The plot tools expect a histogram, so we write the percentages as bin edges.

In [None]:
bins = np.asarray([0.05, 0.15, 0.25, 0.25, 0.45, 0.55, 0.65, 0.75, 0.85, 0.95, 1.05])

Finally we plot the results.

In [None]:
from MuonDataLib.plot.basic import Figure

fig = Figure(y_label='time to save (s)', x_label='fraction of data retained')
fig.plot(bins, times_one, label='one filter')
fig.plot(bins, times_many, label='many filters')
fig.plot(bins, times_overlap, label='overlapping filters')
fig.show()

There are a few interesting features in this data. The first is that filtering a small amount of data is slower than using all of it. This seems unintuitive, as there is less data so it should be quicker. However, the code has to calculate which data to filter out (remove) before calculating the histogram. Hence, there is initially a time cost for doing the filtering if the only a small amount of data is removed. 

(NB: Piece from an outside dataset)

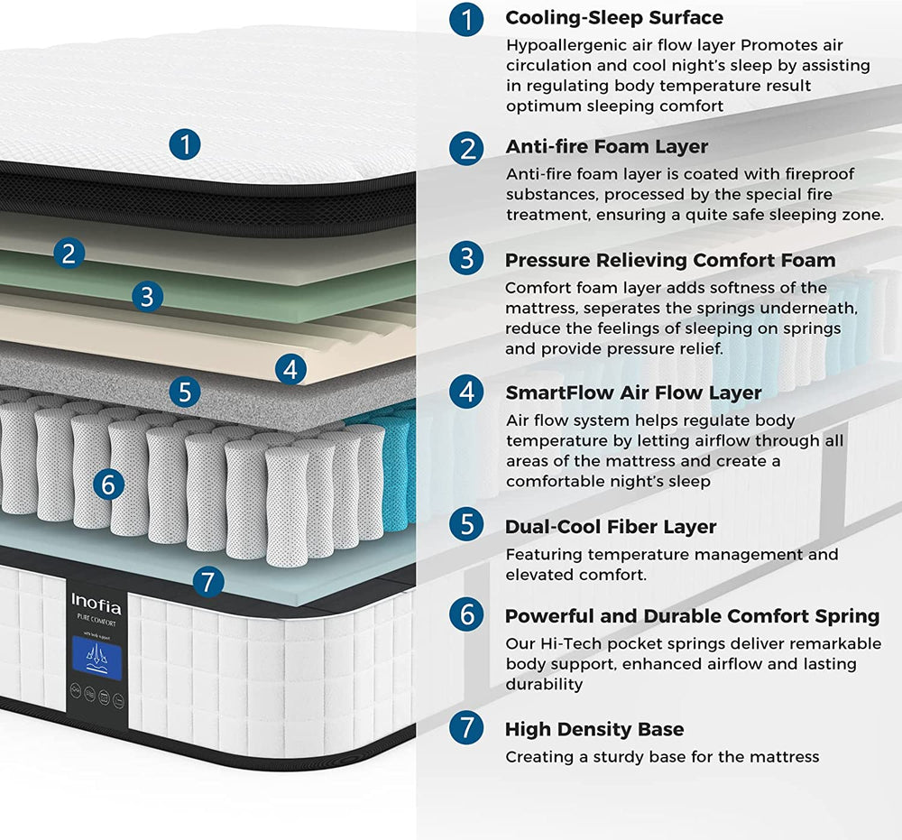 We understand the transformative power of great sleep, which is why we have dedicated years to studying the magic and science behind it since 2015. Inofia's hybrid mattresses have been meticulously designed to enhance the quality of your sleep, allowing you to experience the full benefits of restful slumber. Inofia offers all sizes, including twin, twinxl, full, king, queen size memory foam hybrid mattresses.

The second interesting thing is that using multiple filters makes the code slower. This is becuase each new filter causes a search of the frame times to identify which data to remove. Hence, as the number of searches increases the calculation gets slower.  

The final interesting point, is that the `overlapping filters` and `many filters` methods take about the same amount of time for each fraction of data. This is because, th time taken scales with the number of filters and as a consequence the number of searches.